A Facebook Employee Asked a Reporter To Turn Off His Phone So Facebook Couldn't Track Its Location (businessinsider.com)
Steve Kovach, writing for BusinessInsider: To corporate giants like Facebook, leaks to rivals or the media are a cardinal sin. That notion was clear in a new Wired story about Facebook's rocky time over the last two years. The story talks about how Facebook was able to find two leakers who told a Gizmodo reporter about its news operations. But one source for the Wired story highlighted just how concerned employees are about how their company goes after leakers. According to the story, the source, a current Facebook employee, asked a Wired reporter to turn off his phone so Facebook wouldn't be able to use location tracking and see that the two were close to each other for the meeting. The Wired's 11,000-word wide-ranging piece, for which it spoke with more than 50 current and former Facebook employees, gives us an inside look at how the company has been struggling to curb spread of fake news; battling internal discrimination among employees; and becoming furious when anything leaks to the media. Another excerpt from the story: The day after Fearnow (a contractor who leaked information to a Gizmodo reporter) took that second screenshot was a Friday. When he woke up after sleeping in, he noticed that he had about 30 meeting notifications from Facebook on his phone. When he replied to say it was his day off, he recalls, he was nonetheless asked to be available in 10 minutes. Soon he was on a video-conference with three Facebook employees, including Sonya Ahuja, the company's head of investigations. According to his recounting of the meeting, she asked him if he had been in touch with Nunez (the Gizmodo reporter, who eventually published this and this). He denied that he had been. Then she told him that she had their messages on Gchat, which Fearnow had assumed weren't accessible to Facebook. He was fired. "Please shut your laptop and don't reopen it," she instructed him.

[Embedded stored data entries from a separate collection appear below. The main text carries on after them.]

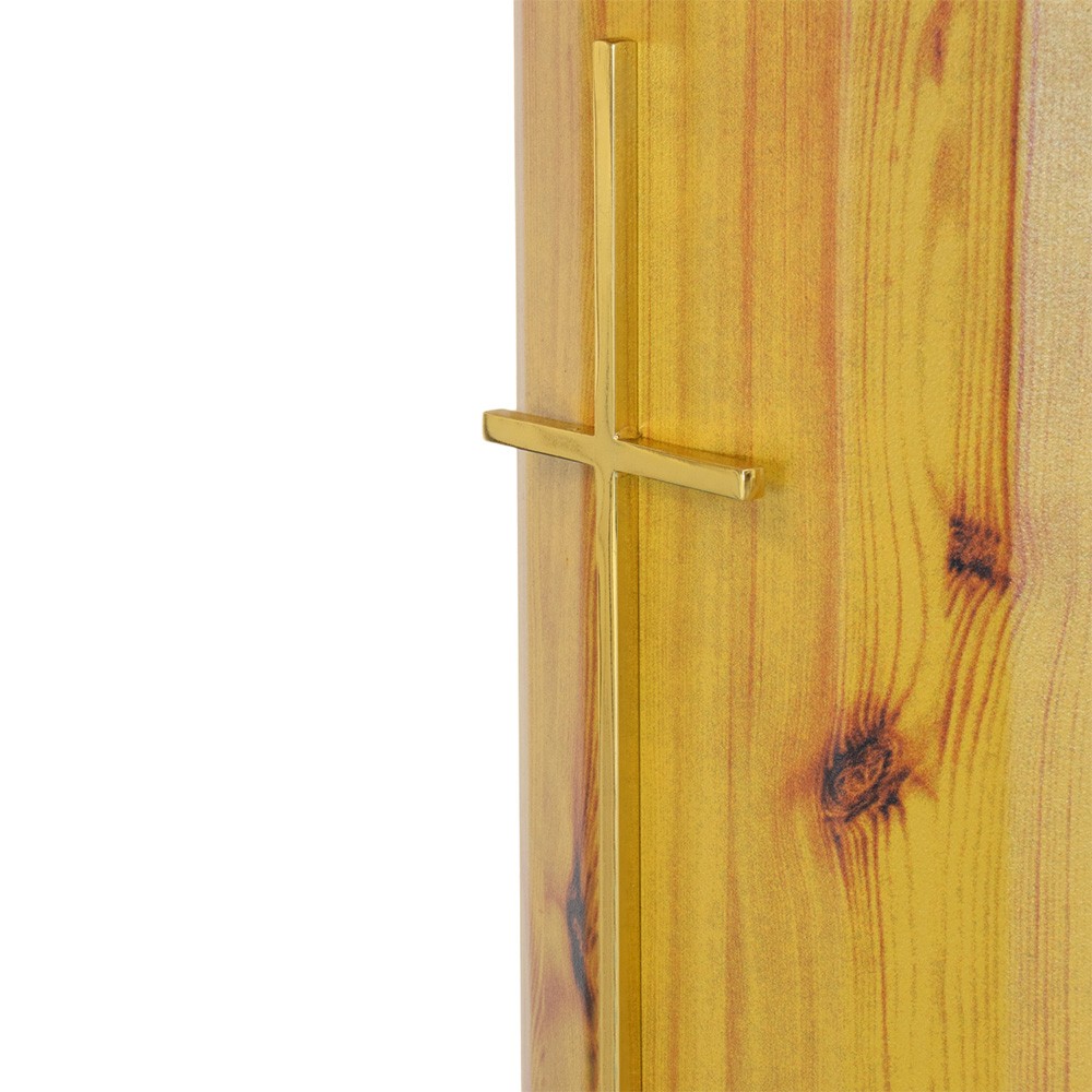 Il votivo è realizzato in legno naturale e croce decorata posta al centro della colonna.
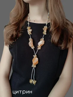 Бусы длинные из камня цитрина Дикий камень
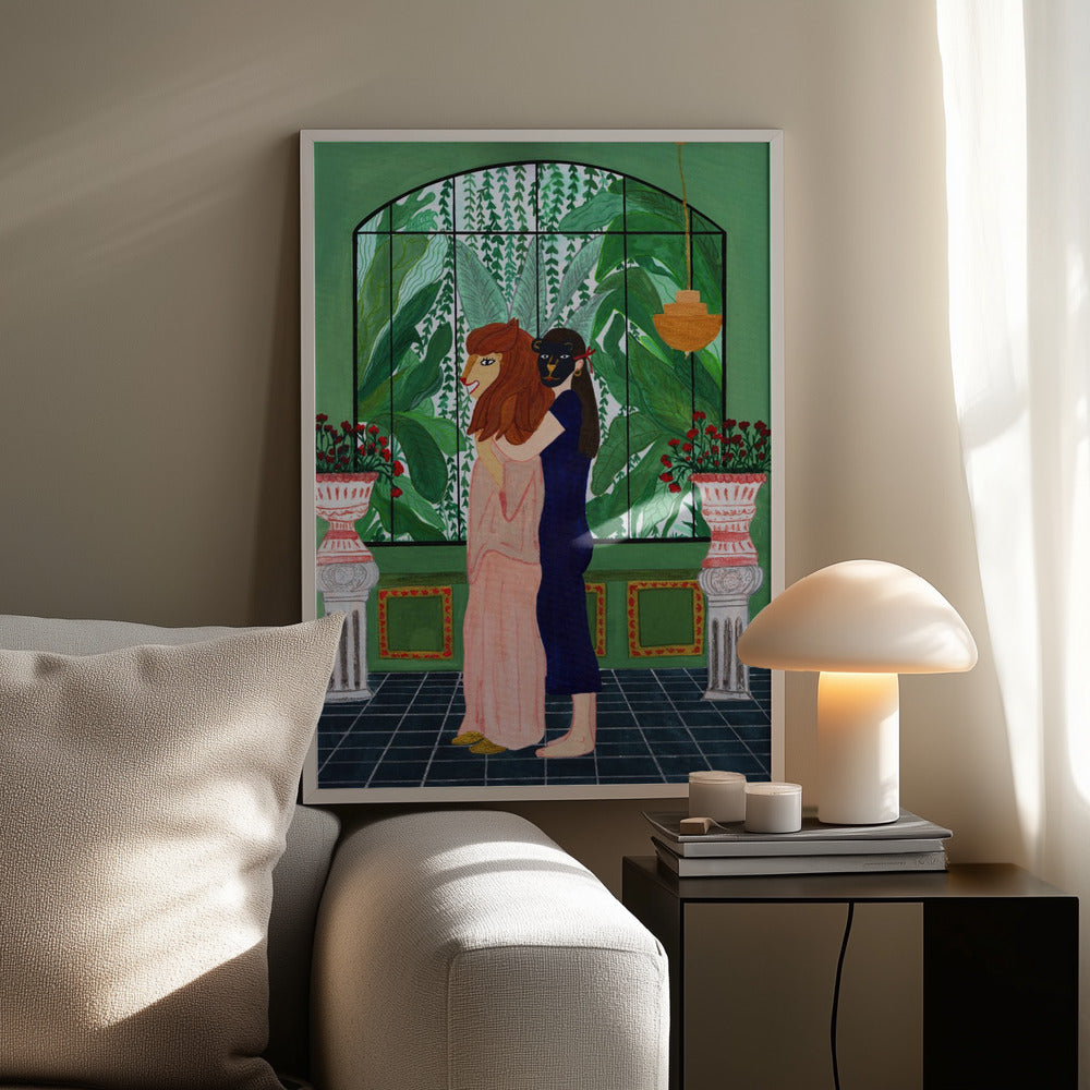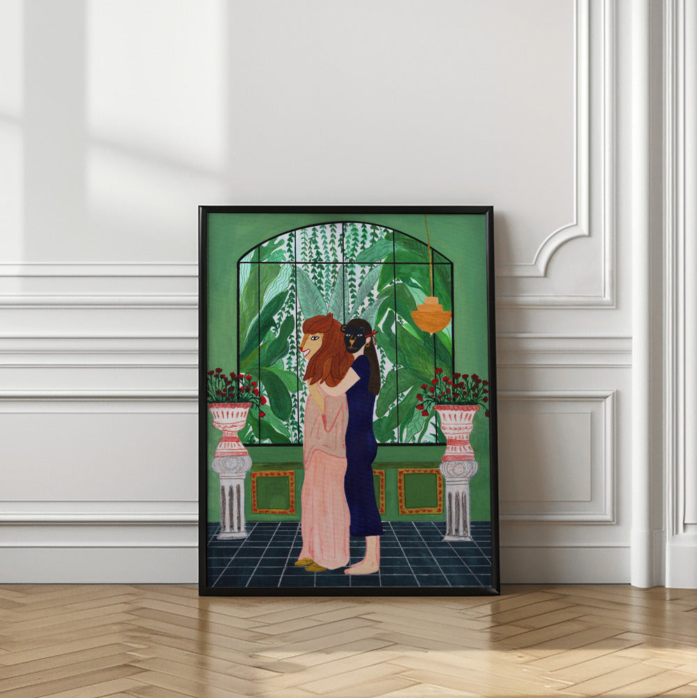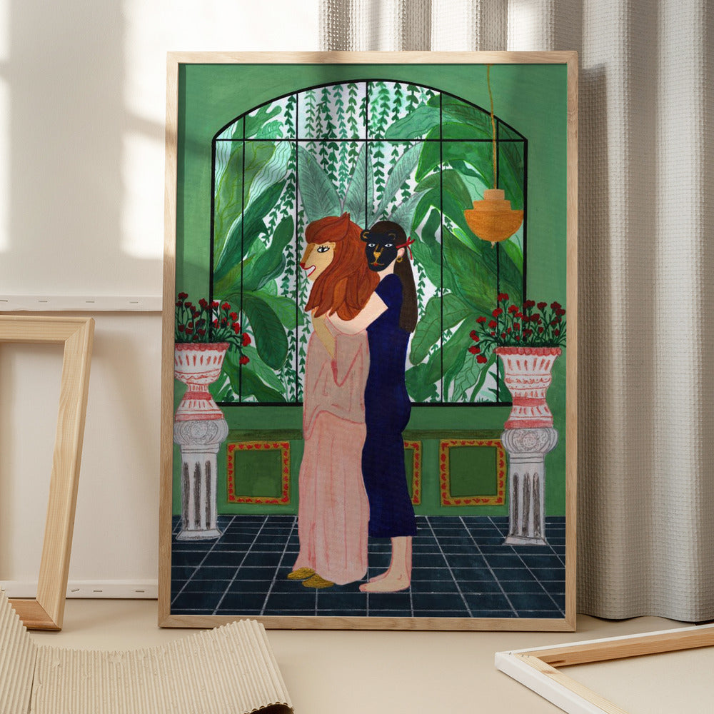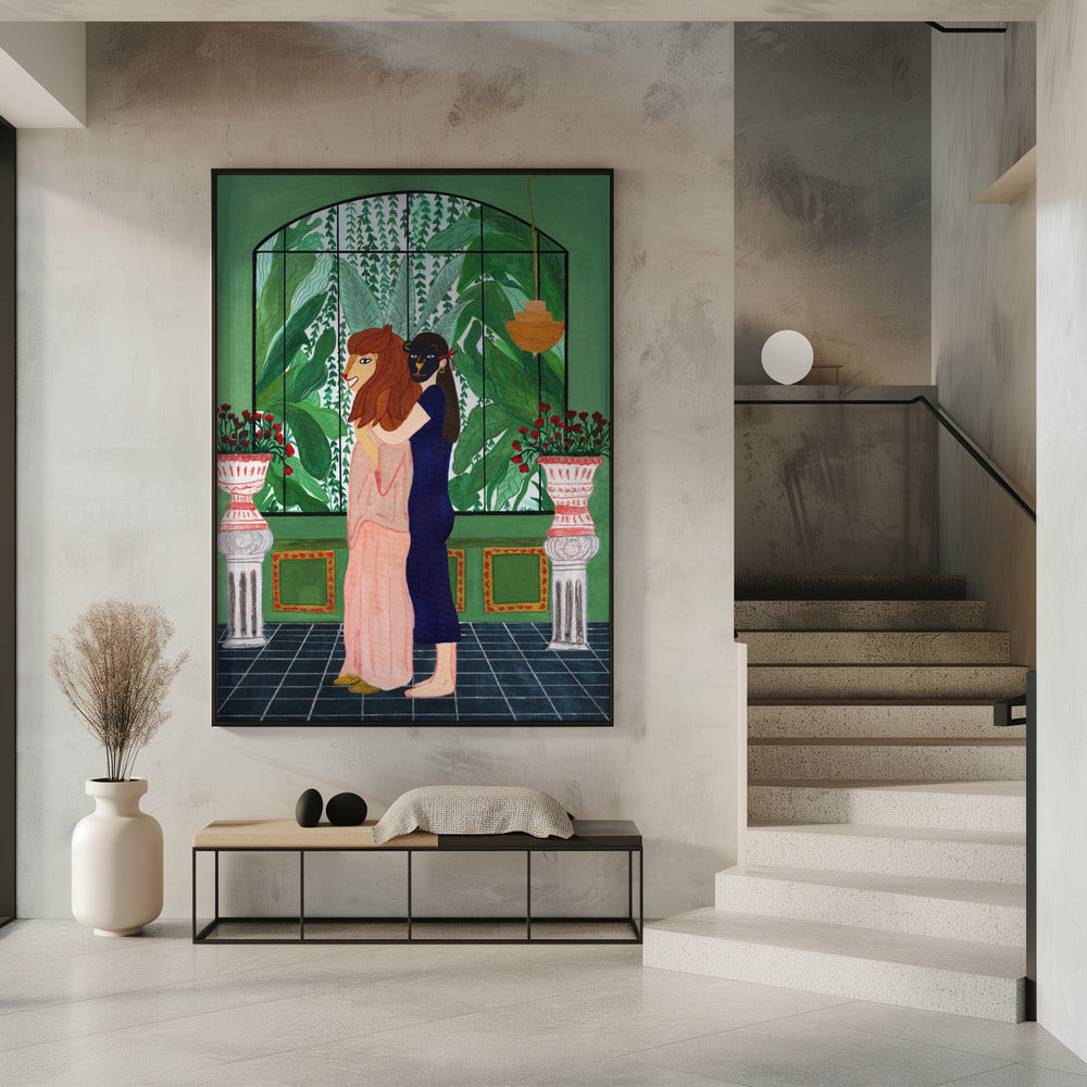 Tabloul înramat „Lion Mom”, creat de Jota de jai, este disponibil în mai multe dimensiuni, cu ramă neagră, albă sau din lemn natur. Se potrivește perfect în orice încăpere.
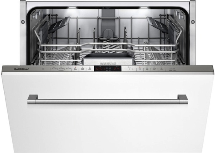 Встраиваемая модель Гаггенау отлично впишется в любой интерьер, главное — правильно выбрать место, чтобы подвести коммуникации. Устанавливается в нишу целиком, полностью закрывается декоративной панелью. Обратите внимание: в комплекте не идет фасад, его необходимо установить самостоятельно. Имеет стандартные размеры, поэтому может не поместиться на очень маленькой кухне. В камеру можно загрузить ограниченное число комплектов: 13 шт. Комплектом считается набор посуды на одного человека, который нужен для полноценного приема пищи: глубокая и плоская тарелки, тарелка для салата, блюдце под чашку, сама чашка, ложка и вилка.
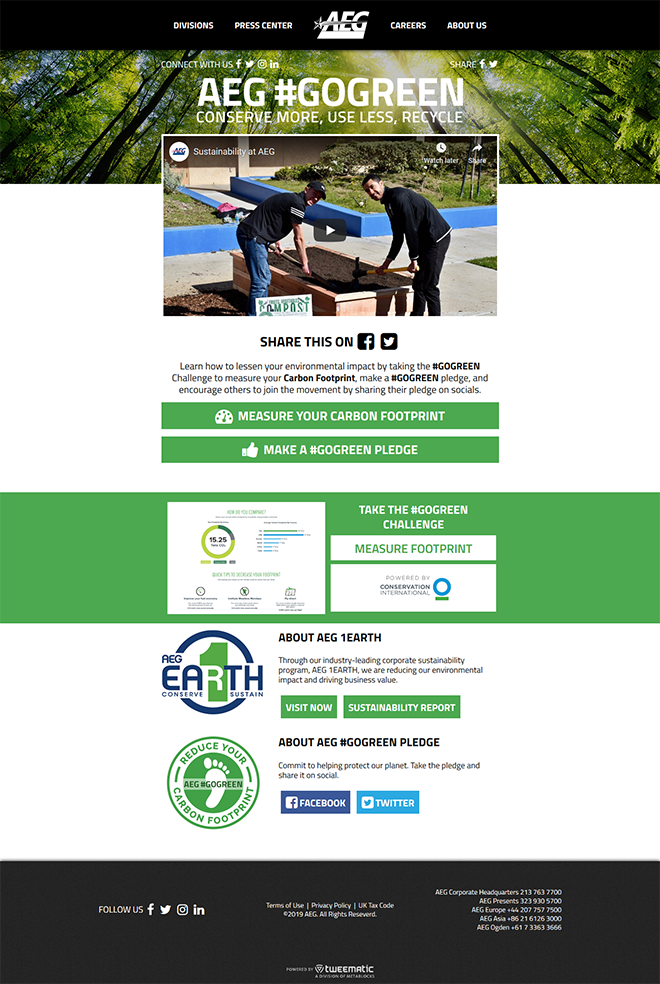 We recently launched the AEG Go Green microsite as part of Earth Day 2019 to encourage users to conserve more, use less and recycle, plus make them aware of AEG's global conservation efforts. The microsite allowed users to measure their carbon footprint using an interactive calculator, share the #GoGreen pledge and watch video and other material from AEG's 1EARTH initiative. The microsite is available at: http://www.aeggogreen.com/
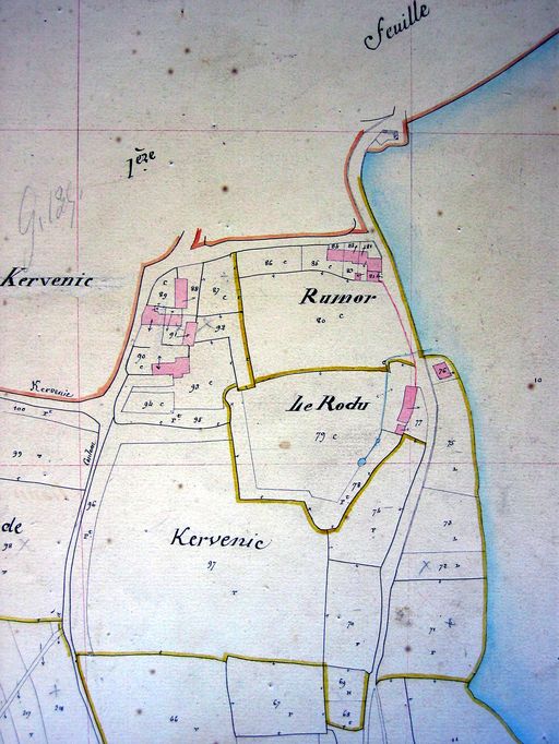 Plan cadastral 1844, section G1. AD Morbihan 3 P 297/13.Immatriculation
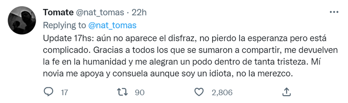 "Aún no aparece el disfraz, no pierdo la esperanza pero está complicado", señaló el usuario horas después del primer posteo, y agradeció a todas las personas que se sumaron a difundir su búsqueda: "Me devuelven la fe en la humanidad y me alegran un podo dentro de tanta tristeza. Mí novia me apoya y consuela aunque soy un idiota, no la merezco".
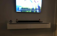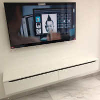 Тумба может быть изготовлена в нужных размерах, что позволяет подобрать оптимальный вариант под телевизор и особенности помещения. Кромка ПВХ 0,4 мм защищает детали от повреждений и придает изделию аккуратный завершенный вид. При необходимости возможно выполнение элементов с кромкой ПВХ 2 мм. Срок службы тумбы составляет от 10 лет и более при бережной эксплуатации.
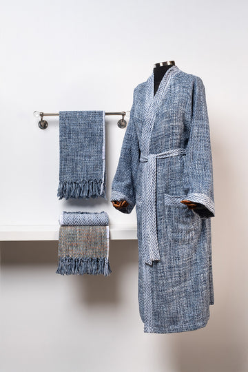 Using 17th century traditional weaving, the fabric is handmade by our master weavers in Bursa, Turkey. Each bathrobe is custom made.
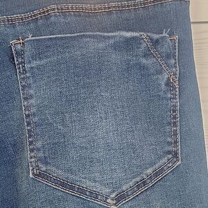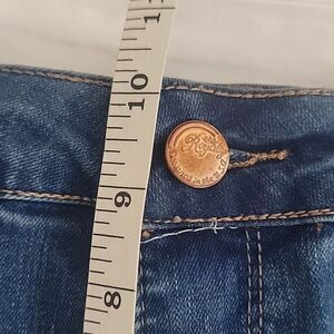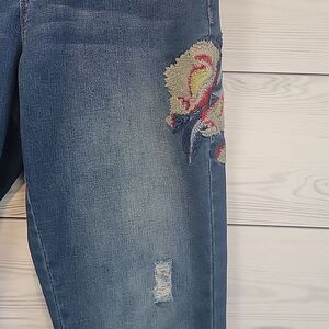 A soft cotton blend blue denim jeans by Royalty for Me with embroidered floral patches, a straight leg, and manufacture distressing, including fading, whiskering, and tears. Great pre-owned condition
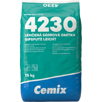 Sádrová omítka Cemix 4230 je vhodná pro stěny i stropy, s dobrou tepelnou izolací.
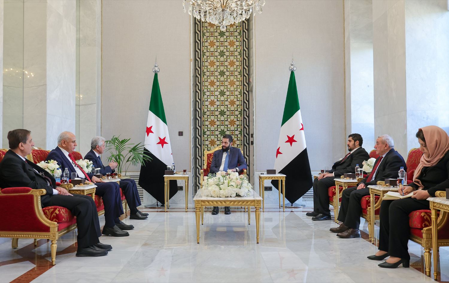 Syrian interim President Ahmed al-Sharaa, in a meeting with a high-level delegation from the Kurdish National Council (ENKS/KNC) in Damascus on February 3, 2025. Photo: Syrian Presidency

They don't need you to have an account with them in order to track you. They create a shadow profile for you and log your movement across the web using their various web properties and associated sites.
That will help. I would recommend Ghostery as well. This very website has at least 8 active trackers.
There's generally no way to prevent any app from accessing your location on Android
Of course there is. Install LineageOS, which comes with privacy guard. Or, if you want to keep your current ROM, install the XPosed framework. XPosed with XPrivacy is especially great because you can feed apps fake location data. Back when i still had Facebook they thought I was in the middle of the pacific ocean one day, and in the Arctic the next.
A few years ago Ghostery got bought out and changed their policies to "block all but our partner trackers"...they're useless now.
While doing Android development i find it disturbing to say the least that while debugging my extremely basic app (think hello world) I see calls to Facebook and Amazon urls in my console logs.
WTH is up with that, I'm just a novice?
Caution: Contents under pressure
Ghostery isn't trustworthy. But uMatrix would be a good addition.
yes the cricle - a lady embraces the new absolute surveillance as it allows her to connect with fellow humans and the bad white man who did not appreciate the full transparency all that much dies one can say in hushed into death as an hunted animal running from the dogs. I exaggerate of course but then my neighbours told me many times they see nothing wrong in absolute transparency. Majority accepts the new brave world. What else can they do? The 'good doers' like Zuckerberg, Soros & Co do what they can to improve the world. The only problem I have with it is that I cannot escape from this paradise.
Using plugins is a good idea, but I find killing the traffic further upstream is more effective.
One of our competitors trademarked the term "hypothesis". From now on, we will call them "boneheaded ideas".
Buahahahahaha, this is the US we are talking about. There are no privacy protections. If a company employs you, they basically own you. They can look at absolutely anything they want if you're on a corporate-owned device. You are basically locked into a company because if you leave somewhere you no longer have health insurance and your company may blacklist you so you can't find a job elsewhere. Only laws that benefit corporations are ever passed as the governmental officials are owned by the corporations. Companies can do anything they want, down to regulating what activities you do when not at work or dictating when you piss. They can fire you at any time for almost any reason. The only exception is for certain protected classes (rage, gender, religion, etc.) but if they are firing someone for being black they just say "they aren't a team player" or "didn't align with our corporate culture" - it doesn't really matter as long as you don't mention their protected class and cite something sufficiently nebulous. The only real protected class is the US is profit.
Enigma
Facebook recently went so far over the line I'd hope a civil suit might even have a chance... the mobile app is taking recent photos, uploading them Facebooks servers, and asking if you want to share them, without having any ability to turn off the "feature" short of revoking access to photos through the app manager entirely (so you can't even upload the photos you do want to share). Whenever this is brought up in the support forum, the thread is locked.